Diz D I, Baer P G, Nasjletti A
J Clin Invest. 1983 Aug;72(2):466-77. doi: 10.1172/jci110994.
We examined in rats the effects of intraperitoneal angiotensin II (AII) infusion for 12 d on urinary excretion, plasma concentration, and in vitro release of prostaglandin (PG) E2 and 6-keto-PGF1 alpha, a PGI2 metabolite. AII at 200 ng/min increased systolic blood pressure (SBP) progressively from 125 +/- 3 to 170 +/- 9 mmHg (P less than 0.01) and elevated fluid intake and urine volume. Urinary 6-keto-PGF1 alpha excretion increased from 38 +/- 6 to 55 +/- 5 and 51 +/- 7 ng/d (P less than 0.05) on days 8 and 11, respectively, of AII infusion, but urinary PGE2 excretion did not change. Relative to a control value of 129 +/- 12 pg/ml in vehicle-infused (V) rats, arterial plasma 6-keto-PGF1 alpha concentration increased by 133% (P less than 0.01) with AII infusion. Aortic rings from AII-infused rats released more 6-keto-PGF1 alpha (68 +/- 7 ng/mg) during 15-min incubation in Krebs solution than did rings from V rats (40 +/- 3 ng/mg); release of PGE2, which was less than 1% of that of 6-keto-PGF1 alpha, was also increased. Slices of inner renal medulla from AII-infused rats released more 6-keto-PGF1 alpha (14 +/- 1 ng/mg) during incubation than did slices from V rats (8 +/- 1 ng/mg, P less than 0.05), but PGE2 release was not altered. In contrast, AII infusion did not alter release of 6-keto-PGF1 alpha or PGE2 from inferior vena cava segments or from renal cortex slices. Infusion of AII at 125 ng/min also increased SBP, plasma 6-keto-PGF1 alpha concentration, and in vitro release of 6-keto-PGF1 alpha from rings of aorta and renal inner medulla slices; at 75 ng/min AII had no effect. SBP on AII infusion day 11 correlated positively with both 6-keto-PGF1 alpha plasma concentration (r = 0.54) and net aortic ring release (r = 0.70) when data from all rats were combined. We conclude that augmentation of PGI2 production is a feature of AII-induced hypertension. The enhancement of PGI2 production may be an expression of nonspecific alteration in vascular structure and metabolic functions during AII-induced hypertension, as well as the result of a specific effect of the peptide on the arachidonate-prostaglandin system.
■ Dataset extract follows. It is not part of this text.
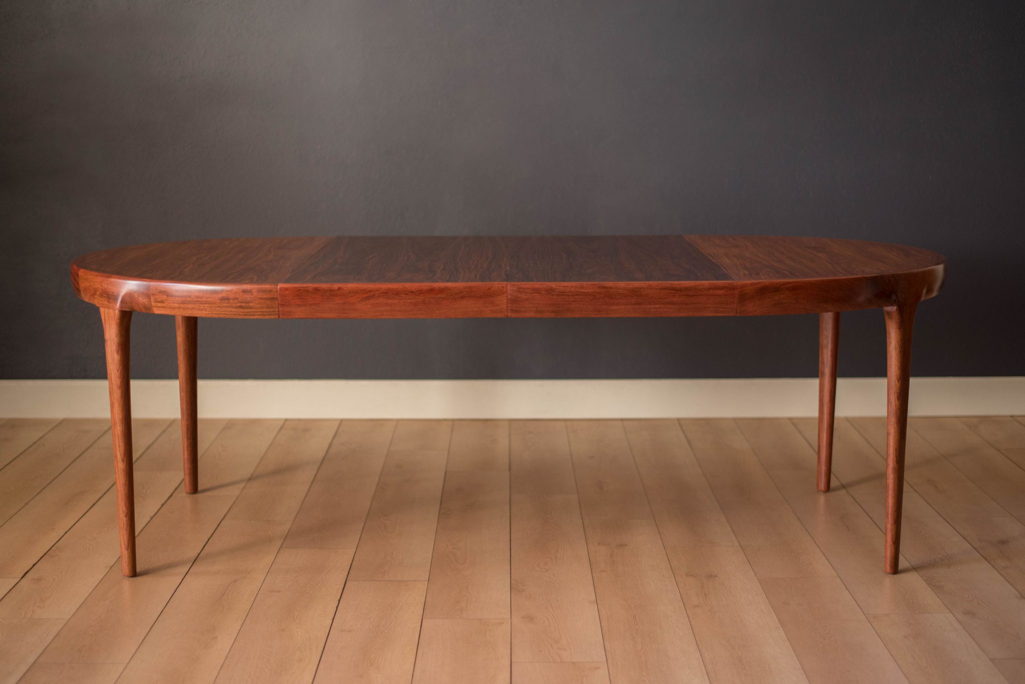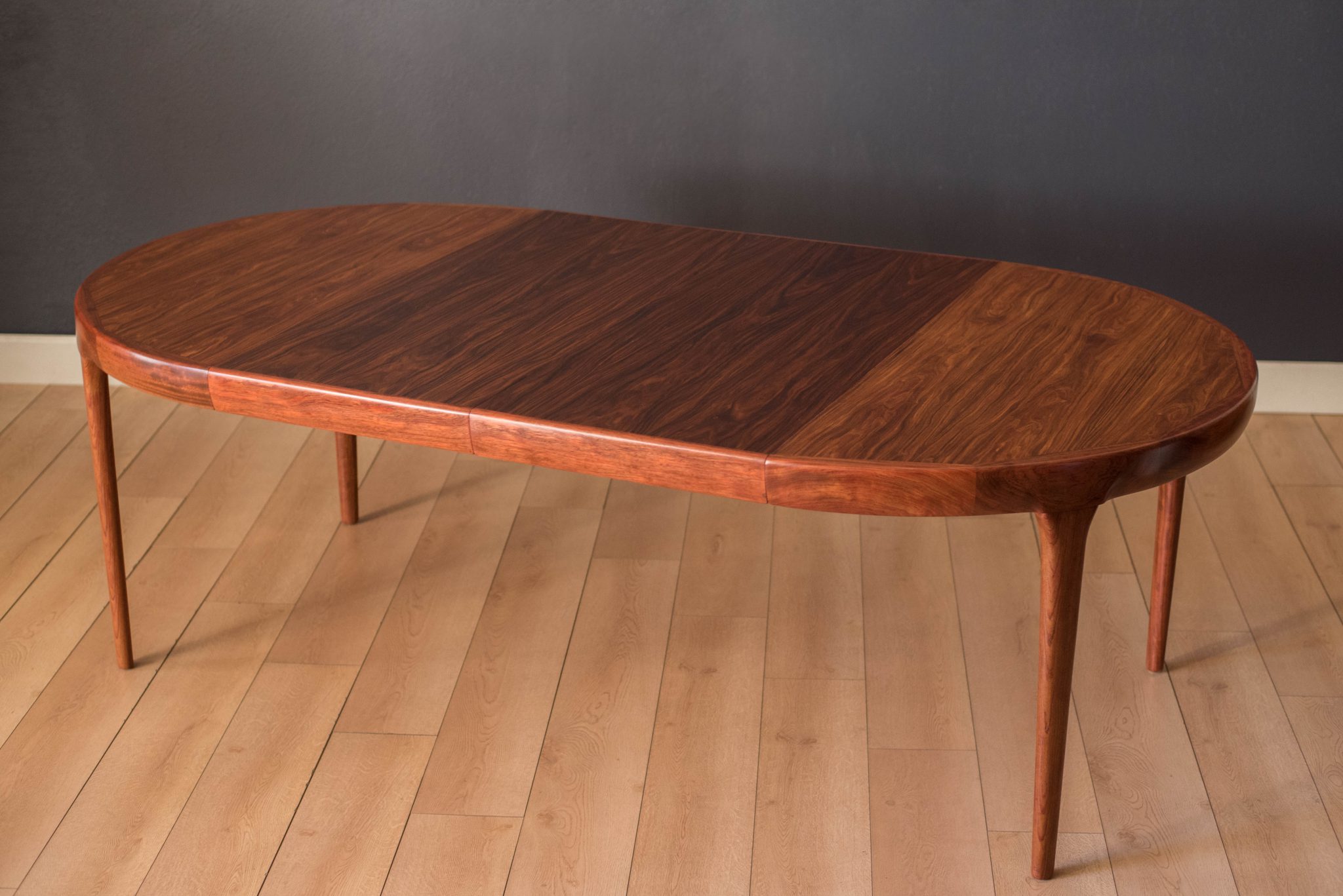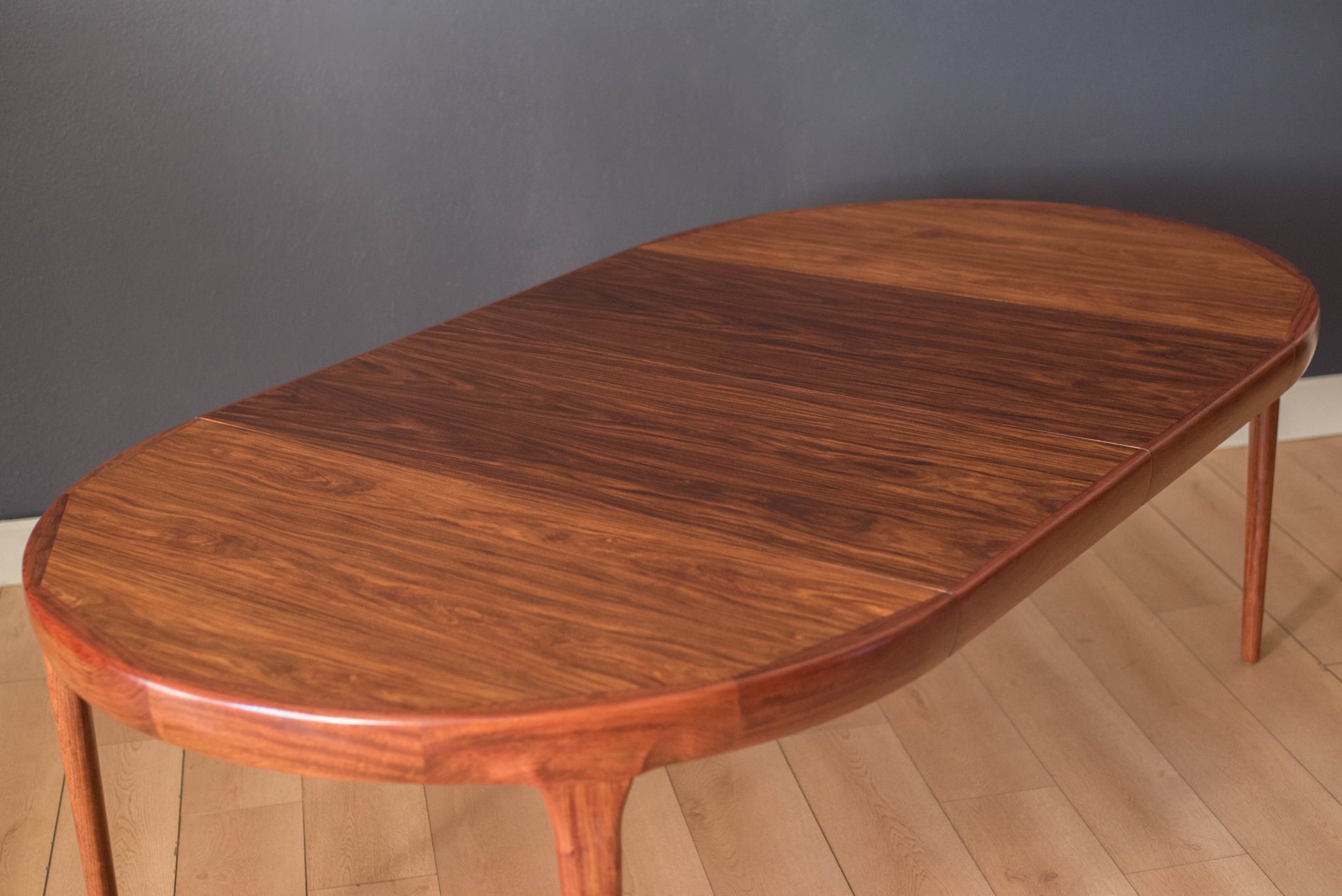 Mid-Century Modern dining table designed by Ib Kofod-Larsen for Faarup Møbelfabrik. This piece displays continuous Brazilian rosewood grains with solid edge banding and a seamless sculpted apron. The table extends with two leaves that can fit up to eight seats.

我们研究了大鼠腹腔注射血管紧张素II(AII)12天对尿排泄、血浆浓度以及前列腺素(PG)E2和PGI2代谢产物6-酮-PGF1α体外释放的影响。以200 ng/min的速度注射AII使收缩压(SBP)从125±3 mmHg逐渐升高至170±9 mmHg(P<0.01),并增加了液体摄入量和尿量。在注射AII的第8天和第11天,尿中6-酮-PGF1α排泄量分别从38±6 ng/d增加至55±5 ng/d和51±7 ng/d(P<0.05),但尿中PGE2排泄量未改变。相对于注射赋形剂(V)的大鼠129±12 pg/ml的对照值,注射AII后动脉血浆6-酮-PGF1α浓度增加了133%(P<0.01)。在Krebs溶液中孵育15分钟期间,注射AII的大鼠的主动脉环释放的6-酮-PGF1α(68±7 ng/mg)比V大鼠的主动脉环(40±3 ng/mg)更多;PGE2的释放也增加,其释放量不到6-酮-PGF1α的1%。注射AII的大鼠的肾内髓质切片在孵育期间释放的6-酮-PGF1α(14±1 ng/mg)比V大鼠的切片(8±1 ng/mg,P<0.05)更多,但PGE2释放未改变。相比之下,注射AII并未改变下腔静脉段或肾皮质切片中6-酮-PGF1α或PGE2的释放。以125 ng/min的速度注射AII也增加了SBP、血浆6-酮-PGF1α浓度以及主动脉环和肾内髓质切片中6-酮-PGF1α的体外释放;以75 ng/min的速度注射AII则无作用。当合并所有大鼠的数据时,注射AII第11天的SBP与6-酮-PGF1α血浆浓度(r = 0.54)和主动脉环净释放量(r = 0.70)均呈正相关。我们得出结论,PGI2生成增加是AII诱导的高血压的一个特征。PGI2生成的增强可能是AII诱导的高血压期间血管结构和代谢功能非特异性改变的一种表现,也是该肽对花生四烯酸-前列腺素系统特定作用的结果。